Problem: Find the periodic DT signal x[n], given:
1.) The fundamental period N = 2.
2.) $ \sum_{n=1}^2 x[n] = 6 $
3.) $ 2 \sum_{k=0}^1 {|x[k]|}^2 = 100 $
4.) $ a_k \geq 0 \ \ \forall a_k $
Solution:
- Statement 1 tells us that we can represent x[n] as:
$ x[n]= \sum_{k=0}^{(2)-1} a_k e^{jk \pi n} = a_0 + a_1 e^{j \pi n} $
- Statement 2 looks similar to how one would find $ a_0 $:
$ a_0 = \frac{1}{2} \sum_{k=0}^1 x[k] $
$ = \frac{1}{2} (x[0] + x[1]) $
$ = \frac{1}{2} (x[0+2] + x[1]) $ (since x is periodic with period 2)

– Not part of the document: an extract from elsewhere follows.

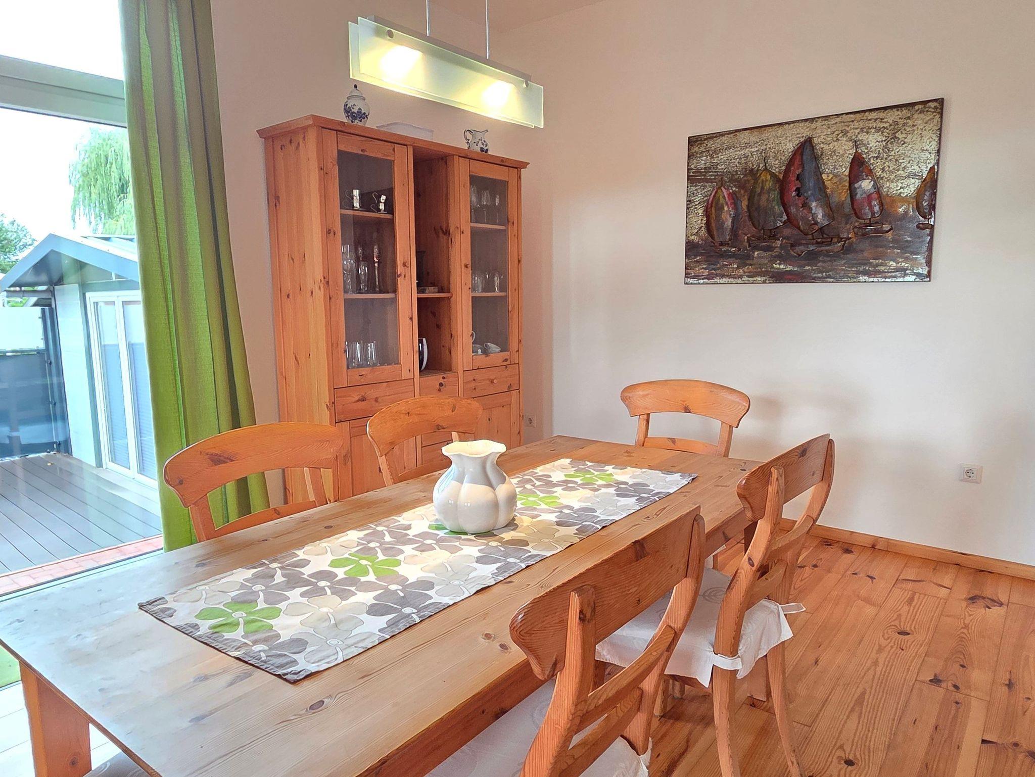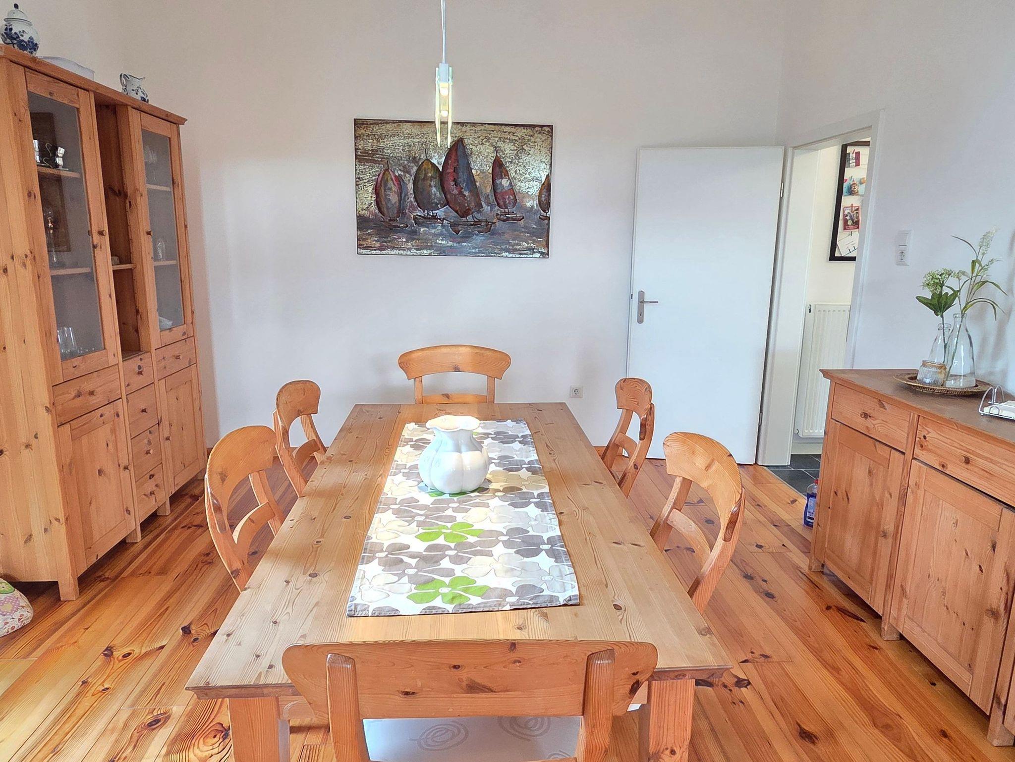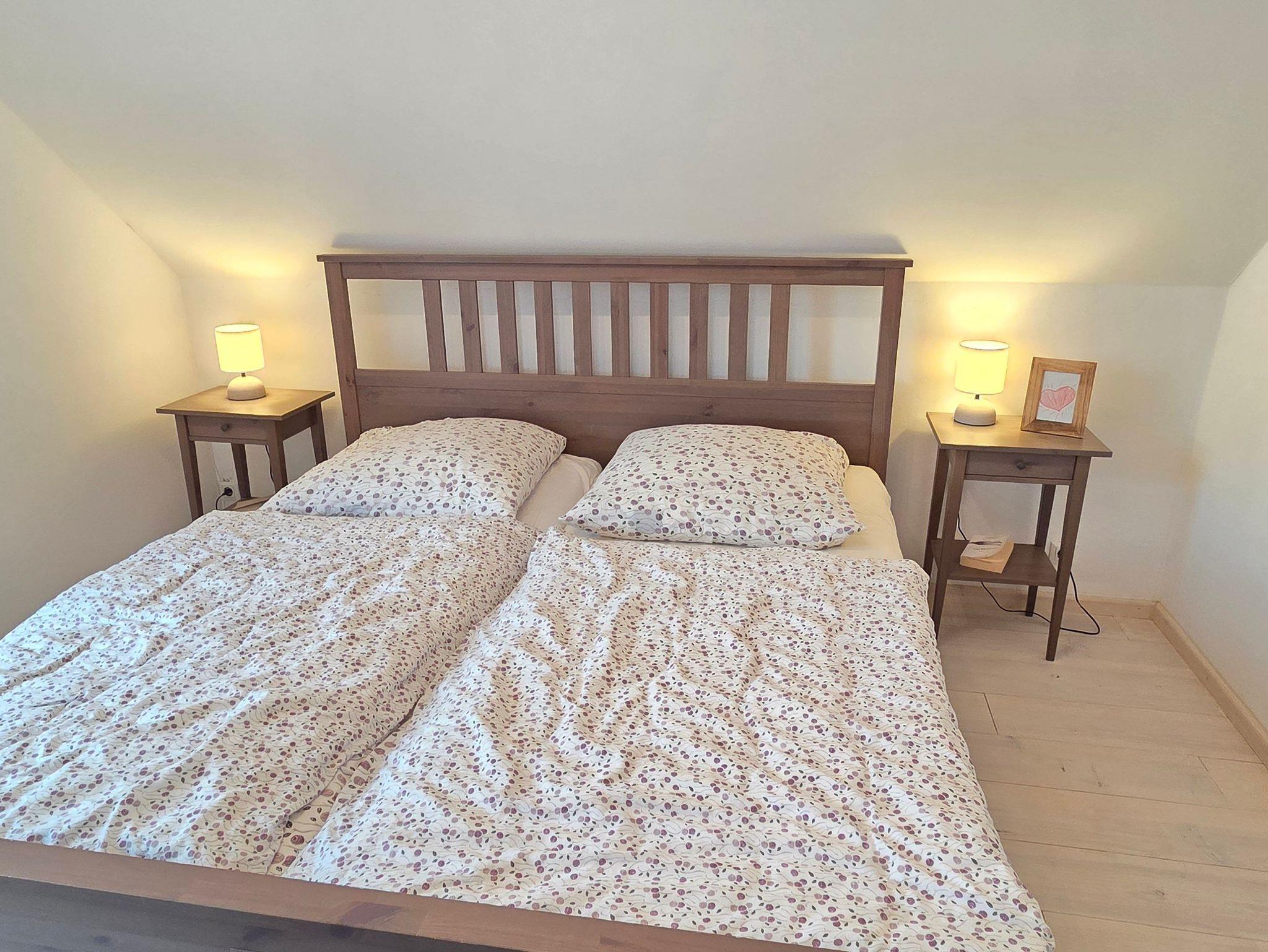 Der offene Wohn- und Essbereich lädt zum Verweilen ein und bietet ausreichend Platz für gesellige Stunden. Die separate, voll ausgestattete Küche ermöglicht Ihnen eine bequeme Selbstversorgung. Zwei gemütliche Schlafzimmer im Obergeschoss sorgen für einen erholsamen Schlaf: eines mit einem komfortablen Doppelbett, das andere mit zwei Einzelbetten. Neben einem geräumigen Badezimmer mit Dusche und Badewanne ist ein zusätzliches Gäste-WC vorhanden.

$ = \frac{1}{2} \sum_{k=1}^2 x[k] $
$ = \frac{1}{2} (6) $ (by statement 2)
$ \Rightarrow a_0 = 3 $
- Statement 3 looks kind of cryptic, until one realizes that Pareseval's relation can be applied:
$ 2 \sum_{k=0}^1 {|x[k]|}^2 $
$ = 4 (\frac{1}{2} \sum_{k=0}^1 {|x[k]|}^2) $
$ = 4 (\sum_{k=0}^1 {|a_k|}^2) $
$ = 4(|{a_0}|^2 + |{a_1}|^2) = 100 $
Since $ a_0 = 3 $, then $ a_1 = 4 \text{or} -4 $.
- Statement 4 tells us that $ a_1 = 4 $ and not -4.
So, our function is: $ x[n] = 3 + 4 e^{j \pi n} $.